And now, after what has been here offered, to show the heinousness of profane cursing and swearing in common conversation, may I not very justly address myself to you in the words of the text, "Therefore I say unto you, Swear not at all;" since it is a sin that has no temptation in nature, nor brings any pleasure or profit to the committer of it; since it hardens infidels in their infidelity, and affords sad causes of grief and lamentation to every honest Christian; since it is a sin that generally grows into a habit, and lastly, such a sin that can only be matched in hell.


Friday, September 10, 2010

Friday Phil

Glenn Beck - Mormonism and Evangelicals

 As Glenn Beck gains in popularity I think it a good thing to separate his political views from his religious.  So unless he has recently recanted his prior stated beliefs he is a Mormon and simply means that it’s hard to have the wrong Christ and arrive at the correct answer to life and eternal security.  I do understand is popularity at least politically given today’s environment but while I was in the basement archives (located in a secret underground vault at Phil’s house) I came across this classic post from 9-05.  Here Phil is critiquing a book written by Dr. Robert Millet in which he (Millet) tries to say that Mormons really are Christian after all.  Much of the following is cast highlighting the differences between Millet’s belief and that of Dr. MacArthur’s since Millet attempts to say that MacArthur in essence agrees with him.  But Phil in essence says “that dog won’t hunt” … Consider!

Peddling Mormonism as mainstream Christianity
Why the Campaign to Seek Rapprochement between Evangelicals and Cultists?

Phil Johnson
(First posted 07 September 2005)

Back in May [2005], a few weeks before I joined the Christian blogosphere, there was quite a lot of controversy when an erstwhile evangelical publisher (Eerdmans) released a book by Mormon scholar Dr. Robert Millet (professor of religion at Brigham Young University). The book, (A Different Jesus? The Christ of the Latter-day Saints) was Millet's attempt to argue that Mormonism is both biblically and creedally within the bounds of historic Christian orthodoxy.

I realize the controversy over that issue is yesterday's news as far as the blogosphere is concerned. Both Eric Svendsen and James White (among others) did a superb job responding to some of the post-evangelical quislings who thought it was wonderfully even-handed and genteel for Eerdmans to be broad-minded enough to publish an apologia for Mormonism. (Ironically, some of these very same quasi-evangelicals who plead for pious deference to Mormon theology can't seem to find it within themselves to treat Baptists with any kind of respect at all.)
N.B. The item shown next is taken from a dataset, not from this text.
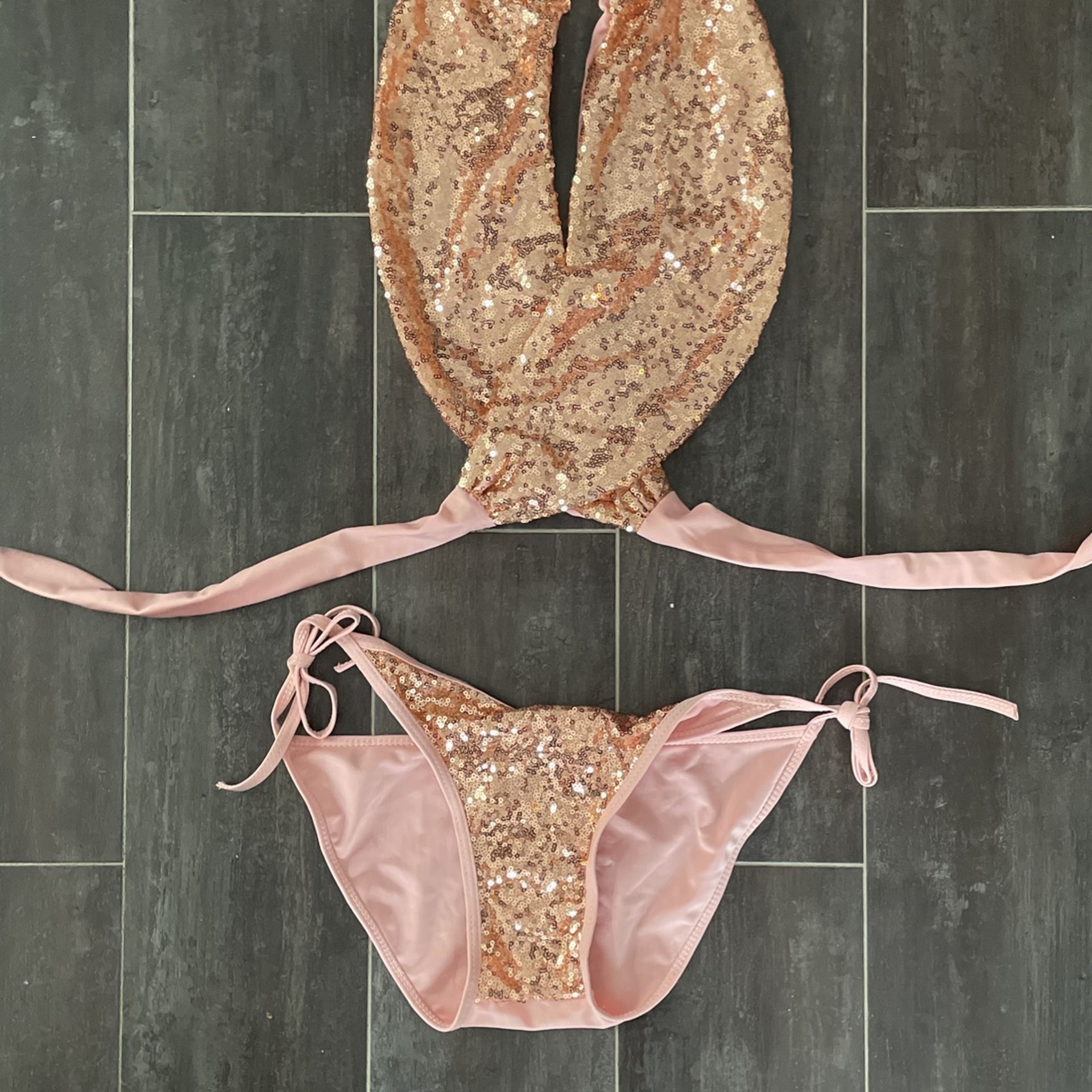 Never worn swimsuit. Pretty sequins with metal neckpiece. Nice for photos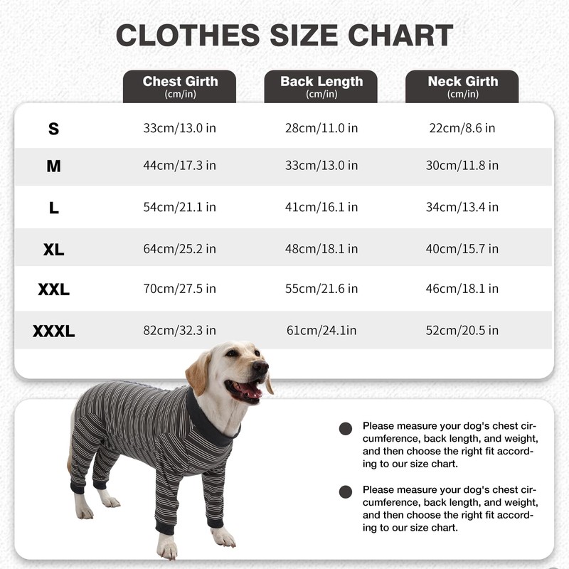 - Multiple Size Options: This pet long sleeve bodysuits are carefully designed in 6 sizes, ranging from S to XXXL, to fully meet the needs of different dog breeds and body types. Both small and large dogs can find the appropriate size. You can measure the circumference of your pet based on the size chart to avoid making incorrect choices.

Even though I missed the initial buzz about Millet's book, I still want to weigh in on a certain aspect of this controversy that has annoyed me for some six or seven years. I'm talking about the way Dr. Millet and his fans (both Mormons and post-evangelicals) continually invoke my pastor's name as if he were friendly to their cause.

He's not.

This is neither mine nor John MacArthur's first attempt to set the record straight. (I'll be posting some past correspondence on the issue in the next few days.) John MacArthur has repeatedly attempted to make his position absolutely clear: He does not regard Mormonism as legitimate Christianity—not even close. But you might get the opposite impression from some of Millet's publicity, and especially from his Internet groupies' postings.
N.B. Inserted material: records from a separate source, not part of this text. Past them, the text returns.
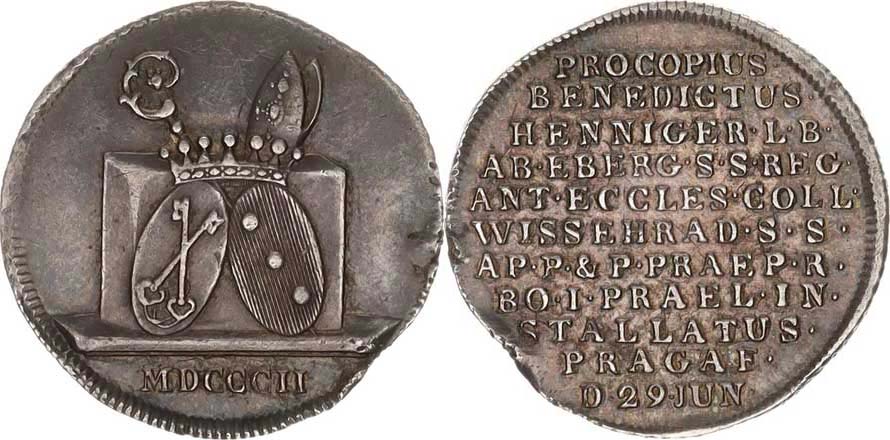 Prokop Benedikt Henniger von Eberg (1801-1809) - Instalační žeton 1802, 11-řádkový nápis / Dva znaky s berlou a mitrou v ex. letopo čet Ag 23 mm 2,218g Don.4698; Přibil 692_vada stř. hr.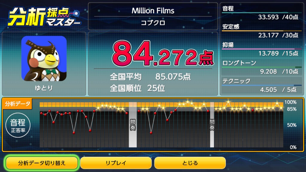 今回、任天堂switchのJOYSOUNDカラオケで採点してみたのは、コブクロの「Million Films」です。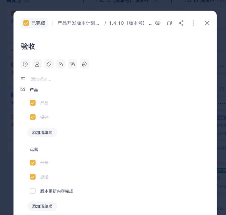 传统的项目管理中,风险控制往往侧重于事后补救,难以有效避免风险的发生。而数字化转型为项目管理带来了全新的风控理念和手段。智能化可以通过实时数据监控和智能预警系统,对项目中的潜在风险进行提前识别和预警。板栗看板设置了验收子清单,要求必须每个岗位的人员都参与验收并勾选后,才能完成该项目,从而实现从“事后补救”到“全程免疫”的安全进化。
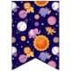a space-themed pattern. This pattern features a variety of celestial objects and animals. There are planets of different sizes and colors, such as purple, orange, and yellow, along with a bright sun. Additionally, there are animated animals, including a pink elephant, a yellow lion, and a purple hippopotamus, floating amidst the celestial bodies. The background is a deep black, accentuating the bright colors of the planets and animals.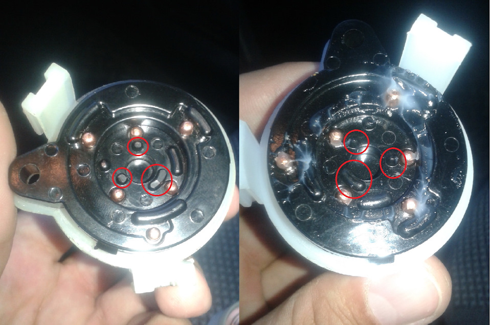 Если располовинить контактную группу, то можно увидеть саму проблему. Она заключается в изношенных частях контактной группы. Для наглядности, фото старой и новой контактной группы (изношенные части показаны красными кругами).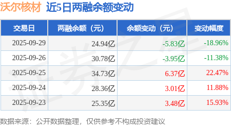 证券之星消息,9月29日,沃尔核材(002130)融资买入8.35亿元,融资偿还14.16亿元,融资净卖出5.81亿元,融资余额24.6亿元,近20个交易日中有11个交易日出现融资净买入。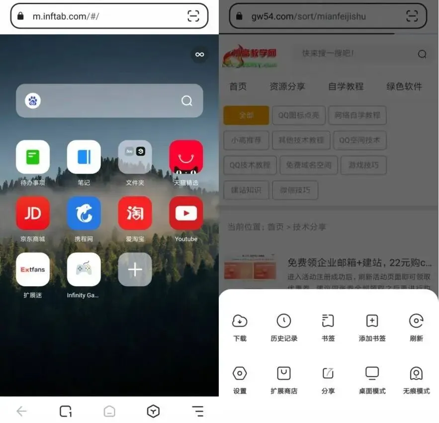 这款浏览器内置Infinity New Tab标签页,颜值超高,而且实用性拉满。你可以自由添加常用的书签到起始页,分类整理,方便快速访问;还能自定义标签页的背景壁纸,选择自己喜欢的图片,打造专属个性化界面。同时,Infinity New Tab支持注册账号同步,在设置里可以修改标签页的语言、使用习惯等参数,换手机或者重新安装软件后,登录账号就能同步书签、标签页设置,不用重新整理,高效又省心。

Tuesday I read an Internet forum where a Mormon missionary was attempting to convince some naive evangelical that MacArthur's "lordship doctrine" asserts the very same soteriology as Mormonism. The Mormon guy claimed the Bible is full of verses that deny the principle of sola fide and make salvation a cooperative work between God and the sinner, just the way the Mormon "gospel" teaches. That, he insisted, is also John MacArthur's view.

No, it's not.

Millet's Internet fan club also seems intent on trying to get as much public-relations mileage for their side out of the fact that MacArthur once met personally with Millet (at Millet's request) to discuss theological issues. Floating around in various Internet forums are some romanticized accounts of the Millet-MacArthur talks that would have you believe the two men see one another as fellow-warriors in a common battle against easy-believism.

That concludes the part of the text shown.